Ayatollah Abbas Vaez-Tabasi, representative for the city of Mashhad in Iran’s influential Assembly of Experts, died on the morning of March 4th. He had suffered a pulmonary attack on February 26 — Election Day — and collapsed shortly after casting his vote for Parliament and the Assembly. He was 80.
As the ayatollah lay dying at the Imam Reza Hospital in Mashhad, which is named after the holy city’s famous shrine, prominent political and religious figures visited his bedside. Vaez-Tabasi was known for his influence in Mashhad, and for his great wealth.
Vaez-Tabasi had not registered as a candidate for the Assembly of Experts, the body that selects and theoretically supervises Supreme Leader Ayatollah Ali Khamenei. His absence on the list was significant because, after the 2014 death of Ayatollah Mahdavi Kani, the president of the Assembly, Vaez-Tabasi had been mentioned as a possible successor.
Since the Islamic Revolution of 1979, Vaez-Tabasi had run the huge religious endowment Astan Quds Razavi (AQR), which represents the supreme leader.
The foundation was closely associated with the Shrine of Imam Reza, which honors the eighth Imam of Shia Islam.
Politically, Vaez-Tabasi was close to former president Akbar Hashemi Rafsanjani.
He was well known because of his efforts to quell political tensions in Mashhad following the appointment of Ahmad Elmolhoda, a staunch supporter of Ayatollah Khamenei, as Mashhad’s Friday prayer leader.
Vaez-Tabasi was one of the richest local figures in Iran. In an article published in on the website Iranian Focus, entitled “Iran’s rulers amass fortunes through sleaze,” his wealth was estimated to be around $770 million. If true, that would make him the sixth richest Iranian in the world.
With endowments in at least 12 Iranian provinces, AQR has been referred to as the biggest endowment in the world, estimated to be worth $15 billion. It is not only tax-exempt, but each year receives at least $14 million from the government in rent.
All of AQR’s commercial and business activities are conducted by Razavi Economic Institute, which was set up in 1998. It operates as an umbrella organization for 90 companies. None of them are accountable to any government agency, or to Parliament. The only authority that supervises them is the auditing department of the Supreme Leader’s office.
The companies under AQR’s umbrella are active in a vast array of sectors, from mining and construction material such as cement, to food, agriculture, pharmaceuticals, development and construction services, and the manufacture of automobiles and combines.
AQR is also a shareholder in a number of heavy industries, including the Mobarakeh Steel Company in Isfahan, in which it owns around 43 percent of shares. Some analysts estimate the value of lands owned by AQR at $20 billion.
Another unpatrolled source of income for AQR is the 20 million pilgrims who visit the Imam Reza shrine each year. While the high volume of pilgrims helps Mashhad’s economy, the real winner is AQR.
Corruption Cases Pile Up
With so much unsupervised money at stake, it should come as no surprise that corruption, or at least charges of corruption and related court cases, have not been far behind. One of the biggest cases was known as Al-Makaseb, named after a company that failed due to embezzlement.
One defendant in the case was Nasser Vaez-Tabasi, son of the deceased ayatollah.
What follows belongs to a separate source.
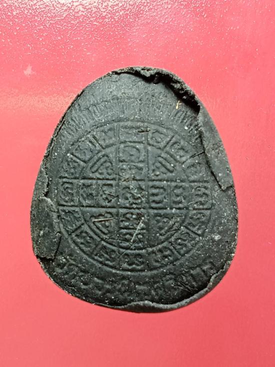 พระปิดตายันต์ดวงเล็ก หรือยันต์ดวงสุกิตติมา เนื้อผงใบลานดำ (ผงใบลานปลดหนี้) สอดตะกรุดเงิน ผสมพระเกศาสมเด็จพระญาณสังวร(เจริญ สุวัฑฒโน ปธ.๙) พิธีพุทธาภิเษก ณ พระอุโบสถคณะรังสี วัดบวรนิเวศวิหาร ๒ ตุลาคม ๒๕๒๓ หลวงปู่โต๊ะ วัดประดู่ฉิมพลี ร่วมปลุกเสก สมเด็จพระญาณสังวรฯทรงจุดเทียนชัยและประธานอธิษฐานจิต พร้อมด้วยพระคณาจารย์แห่งยุคอีกหลายรูป ไม่มีกล่อง เคาะเดียว รอยยับที่ งค์พระเกิดจากพระเกศาที่ผสมเด้งหลุดออกไปเพราะพระเป็นเนื้อผงน้ำมัน

He and other defendants were accused of embezzling about $48 million by selling the company’s shares. They claimed it was a private enterprise, even though 51 percent of it belonged to the Iranian government.
The case was opened in 2001, but after two years the judge exonerated Nasser and other defendants. The court’s verdict led to an outcry in the press.
In another case over fraudulent dealings in a film project, Mostafa Vaez-Tabasi, another son of the ayatollah, was a defendant.
The most recent scandal took place when Energy Minister Hamid Chitchian reported embezzlement of close to $400 million in the project to build Gorgan-Bojnord-Mashhad railway. The first defendant in this case was AQR which, according to Chitchian, intended to buy the contractor company for a fraction of its value.
The government has not succeeded in its quest to bring the culprits in this case to justice. A number of MPs and members of the judiciary mobilized to act on the side of AQR, and according to an official in the energy ministry, the case was decided “in the highest echelons of the regime.” AQR got away unscathed.
Such was the power of Vaez-Tabasi’s empire. Now that he is gone, there is no doubt that many would claim his throne. One claimant could be Friday prayer leader, Ahmad Elmolhoda. Another could be Mahmoud Hashemi Shahroudi, a member of the Assembly of Experts, and the former chief justice of Iran.
Vaez-Tabasi’s children are also waiting in line. They have inherited huge wealth that, needless to say, they can turn into power in the absence of their father.